Stored items from a collection

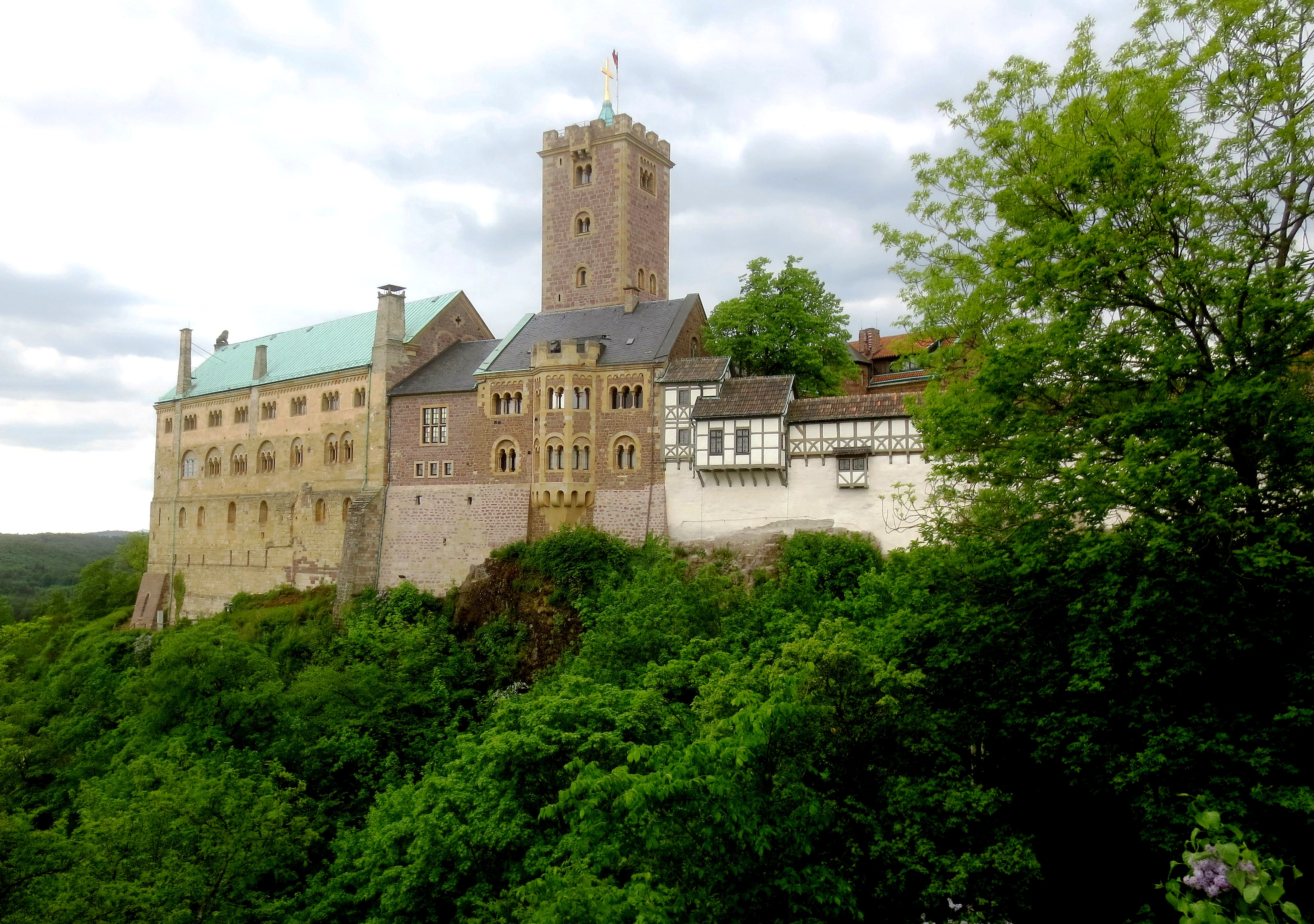 Eisenach: Wartburg Castle, overlooking the town of Eisenach in the state of Thuringia, Germany, 27 May 2016. Originally built in Middle Ages, The Wartburg stands on a cliff rising 410 meters (1,350 ft) to the southwest of and overlooking the town of Eisenach, in the state of Thuringia, Germany. It was the home of St. Elisabeth of Hungary, the place where Martin Luther translated the New Testament of the Bible into German, the site of the Wartburg festival of 1817 and the supposed setting for the possibly legendary Sängerkrieg. It was an important inspiration for Ludwig II when he decided to build Neuschwanstein Castle. The Wartburg castle contains substantial original structures from the 12th through 15th centuries, but much of the interior dates back only to the 19th century.
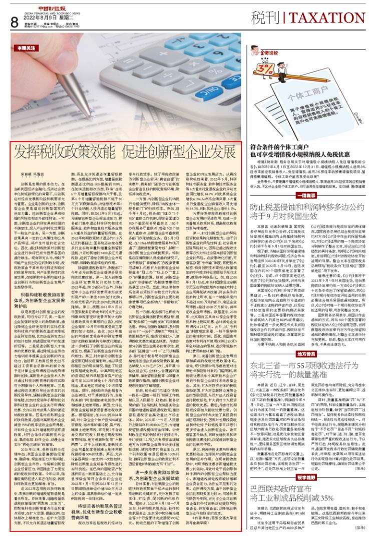 在2022年各项税收扶持政策中,聚焦创新的增值税留抵退税是重点所在。总体来看,增值税留抵退税政策强调“两聚焦、三发力”,即聚焦科技创新等重点行业和重点领域,在扩大范围、提高比例、加快频次上精准发力。在扩大范围方面,不仅允许其退还增量留抵税额,而且允许其退还存量留抵税额。在提高比例方面,增量留抵税额退还比例由60%提高到100%。在加快退税频次方面,取消“连续6个月增量留抵税额均大于零,且第6个月增量留抵税额不低于50万元”的限制条件,对信息技术等6个行业纳税人按月退还增量留抵税额。同时,自2022年5月1日起,为缓解创新型企业现金流压力,税务部门集中退还科学研究和技术服务业、软件和信息技术服务业等6大重点行业的存量留抵税额。在2022年前期政策预计退还约1.5万亿元的基础上,国务院还决定在更多行业实施存量和增量全额留抵退税,7月份新增的1400多亿元退税款,起到了稳定创新型企业市场预期、保障政策连续性的作用。
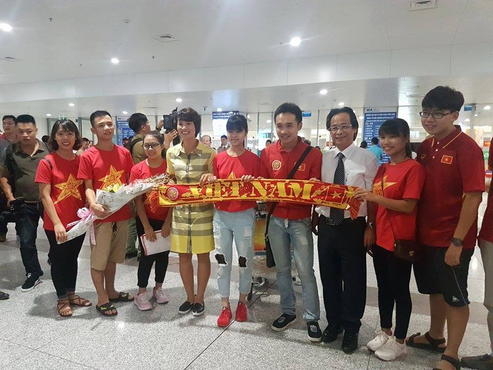 Dù trở về lúc gần nửa đêm nhưng thầy trò HLV Mai Đức Chung vẫn được đón tiếp nồng nhiệt bởi các lãnh đạo LĐBĐ Việt Nam cũng như đông đảo người hâm mộ. Một số cựu tuyển thủ như Kim Chi, Ngọc Mai hay Minh Nguyệt cũng ra sân bay đón các đàn em mang HCV về nước.
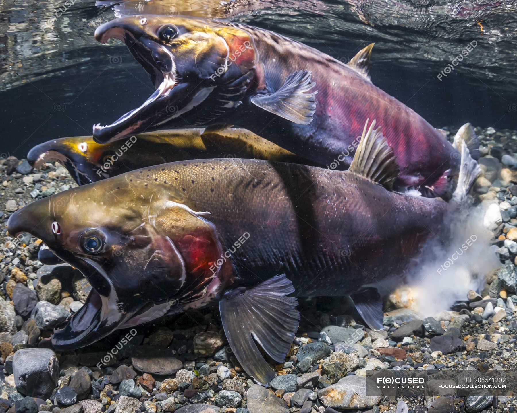 Лосось на нересте самец и самка
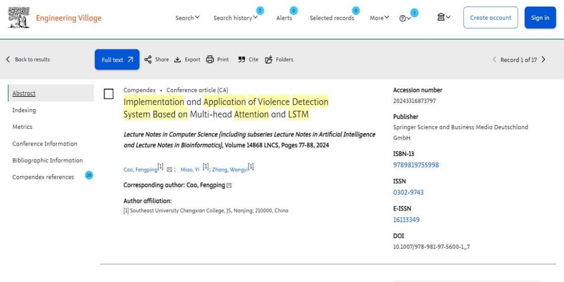 糖心视频 电子与计算机工程学院学生缪艺等撰写的《Implementation and application of violence detection system based on Multi-head Attention and LSTM》被第二十届智能计算国际会议 (ICIC 2024) 录用为EI论文,并受邀参加2024年8月在天津举行的第二十届智能计算国际会议(以下简称ICIC)。
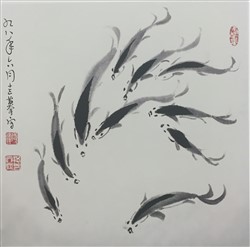 现代黄养辉鱼乐图轴
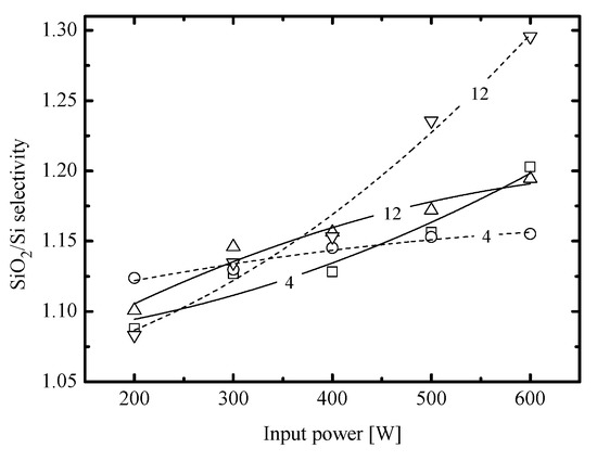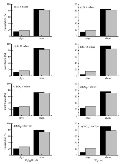 - Similar changes of etching rate for each material in C6F12O- and CF4-based plasmas vs. input power and gas pressure may be attributed to similar etching regimes. In general, this may be either the polymer-thickness-controlled etching process (through the transport of etchant species to the film/etched surface interface) or the chemical reaction itself under the condition of thin or even non-continuous polymer film. In our case, the second variant looks more favorable because of the low polymerizing ability of CF4 plasma [3,4,5,7,8,17] as well as the similar feature of the C6F12O + Ar gas system. As follows from Figure 3a–d, the latter exhibits the only small increase in the amount of carbon-containing compounds on both Si and SiO2 surfaces. In addition, one can see that both gas systems provide the lower amount of fluorocarbon polymer on SiO2 compared with that on Si. This well-known effect is due to the etching of polymer by O atoms on the film/SiO2 interface [5,6,7,8].
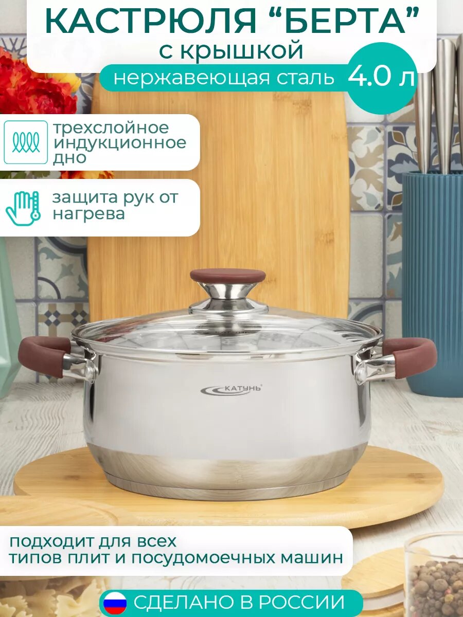 Купить Кастрюля 4 л катунь, берта, КТ15-D-22, индукция, нерж.сталь, зеркальная полировка
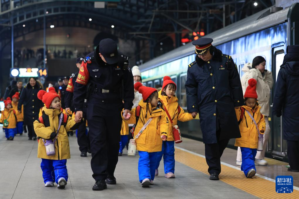 12月30日,K7041次列车工作人员在哈尔滨站引导来自广西的小朋友登车。

→ **WHAT TO DO**
The records above, minus their pictures, are to be returned verbatim.

→ **OUTPUT OF THE TASK**
 Eisenach: Wartburg Castle, overlooking the town of Eisenach in the state of Thuringia, Germany, 27 May 2016. Originally built in Middle Ages, The Wartburg stands on a cliff rising 410 meters (1,350 ft) to the southwest of and overlooking the town of Eisenach, in the state of Thuringia, Germany. It was the home of St. Elisabeth of Hungary, the place where Martin Luther translated the New Testament of the Bible into German, the site of the Wartburg festival of 1817 and the supposed setting for the possibly legendary Sängerkrieg. It was an important inspiration for Ludwig II when he decided to build Neuschwanstein Castle. The Wartburg castle contains substantial original structures from the 12th through 15th centuries, but much of the interior dates back only to the 19th century.
 在2022年各项税收扶持政策中,聚焦创新的增值税留抵退税是重点所在。总体来看,增值税留抵退税政策强调“两聚焦、三发力”,即聚焦科技创新等重点行业和重点领域,在扩大范围、提高比例、加快频次上精准发力。在扩大范围方面,不仅允许其退还增量留抵税额,而且允许其退还存量留抵税额。在提高比例方面,增量留抵税额退还比例由60%提高到100%。在加快退税频次方面,取消“连续6个月增量留抵税额均大于零,且第6个月增量留抵税额不低于50万元”的限制条件,对信息技术等6个行业纳税人按月退还增量留抵税额。同时,自2022年5月1日起,为缓解创新型企业现金流压力,税务部门集中退还科学研究和技术服务业、软件和信息技术服务业等6大重点行业的存量留抵税额。在2022年前期政策预计退还约1.5万亿元的基础上,国务院还决定在更多行业实施存量和增量全额留抵退税,7月份新增的1400多亿元退税款,起到了稳定创新型企业市场预期、保障政策连续性的作用。
 Dù trở về lúc gần nửa đêm nhưng thầy trò HLV Mai Đức Chung vẫn được đón tiếp nồng nhiệt bởi các lãnh đạo LĐBĐ Việt Nam cũng như đông đảo người hâm mộ. Một số cựu tuyển thủ như Kim Chi, Ngọc Mai hay Minh Nguyệt cũng ra sân bay đón các đàn em mang HCV về nước.
 Лосось на нересте самец и самка
 糖心视频 电子与计算机工程学院学生缪艺等撰写的《Implementation and application of violence detection system based on Multi-head Attention and LSTM》被第二十届智能计算国际会议 (ICIC 2024) 录用为EI论文,并受邀参加2024年8月在天津举行的第二十届智能计算国际会议(以下简称ICIC)。
 现代黄养辉鱼乐图轴
 - Similar changes of etching rate for each material in C6F12O- and CF4-based plasmas vs. input power and gas pressure may be attributed to similar etching regimes. In general, this may be either the polymer-thickness-controlled etching process (through the transport of etchant species to the film/etched surface interface) or the chemical reaction itself under the condition of thin or even non-continuous polymer film. In our case, the second variant looks more favorable because of the low polymerizing ability of CF4 plasma [3,4,5,7,8,17] as well as the similar feature of the C6F12O + Ar gas system. As follows from Figure 3a–d, the latter exhibits the only small increase in the amount of carbon-containing compounds on both Si and SiO2 surfaces. In addition, one can see that both gas systems provide the lower amount of fluorocarbon polymer on SiO2 compared with that on Si. This well-known effect is due to the etching of polymer by O atoms on the film/SiO2 interface [5,6,7,8].
 Купить Кастрюля 4 л катунь, берта, КТ15-D-22, индукция, нерж.сталь, зеркальная полировка
 12月30日,K7041次列车工作人员在哈尔滨站引导来自广西的小朋友登车。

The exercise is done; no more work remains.